At settlement you could sell the contract that predicted a 1% rise, for the index value in September times $250. If housing prices indeed rose 5% you would make enough profit on the contract to offset the extra money you had to pay for the property.

If you thought prices were going to fall, instead of buying a contract, you would sell one. That would put today's price in your pocket, but you would "deliver" on the contract by buying at a (hopefully) lower price based on a reduced future index value. You would then keep the contract price decline. If you sold the contract in anticipation of a future property sale, the sale of the contract would effectively hedge your exposure to declining prices.

The the contract that will trade on the Chicago Mercantile Exchange (CME) is based on the Case-Shiller/S&P Home Price Index. This is based on repeat sales within the market. That is, a weighted average of the price changes for home since it's last sale. The index is update once a month to reflect sales in the past month. It's complicated because every repeat sale has different holding period and an adjustment has to be made. The index must also deal with improvements/renovations and other details. By definition, the index only looks at sales of existing homes, because only existing home can be sold twice.

I hope this helps.

Posted by: bkborn at May 3, 2006 6:26 PM

Itsawrap you are very foolish to think homes do not go down. They have before and will go down again at some point.

Posted by: Anonymous at May 3, 2006 6:46 PM

6:46, i never said homes do not go down. Au Contraire. I am more bearish than anyone i know when it comes to the housing market. I firmly beleive that the rent vs own equation heavily favors renters. I would not buy properties for investment purposes at these levels because of the carrying cost, maintainance costs and the illiquid nature of RE.

That being said, these hedgelets allow someone get exposure to RE market without the extra burden of phsyical ownership. As i said i'm bearish, but not a permabear and I'm not foolish enough to fight the trend. While prices have leveled and are stagnating, i wouldnt necessarily call that a trend change. The trend is your friend.

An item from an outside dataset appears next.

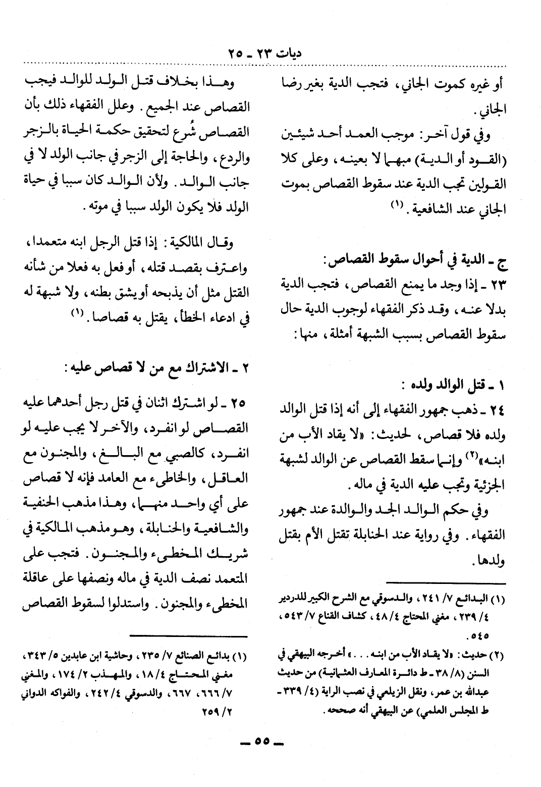 (2) حديث: " لا يقاد الأب من ابنه. . . " أخرجه البيهقي في السنن (8 / 38 - ط دائرة المعارف العثمانية) من حديث عبد الله بن عمر، ونقل الزيلعي في نصب الراية (4 / 339 - ط المجلس العلمي) عن البيهقي أنه صححه.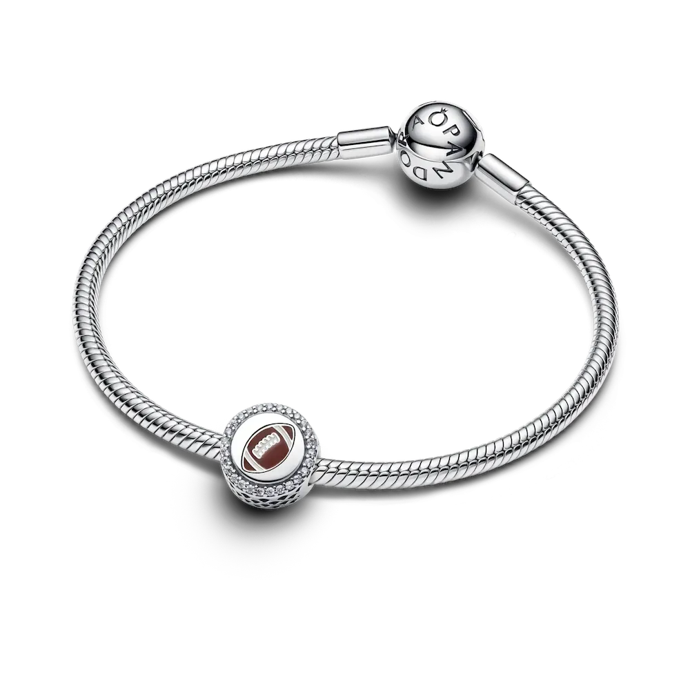 Score style points with our sterling silver football charm. With brown and white enamel details and sparkling pavé edges, it also offers a polished back to engrave a special message.

My bearish bias would force me to place strict stop loss or trailing stop loss orders on any long trade placed. These 'tools of the trader' help mitagates much of the risk associated with 'traditional' RE investing.

The great thing about capital markets is that there is a buyer and seller in every transaction. Both sides think they're right and only time will tell who is correct.

Posted by: ItsAWrap at May 3, 2006 7:34 PM

These comments missed the possible effect of exposing distortionary tax effects. Now one can buy a home strictly for the writeoffs even if one doesn't want to be invested in the housing market – by taking out an opposing bet on the hedgelet.

This won't necessarily have an effect on the tax office, but if more and more revenue goes missing because people adopt such a strategy, maybe they will revise their stance toward renters and cut the subsidy to owners.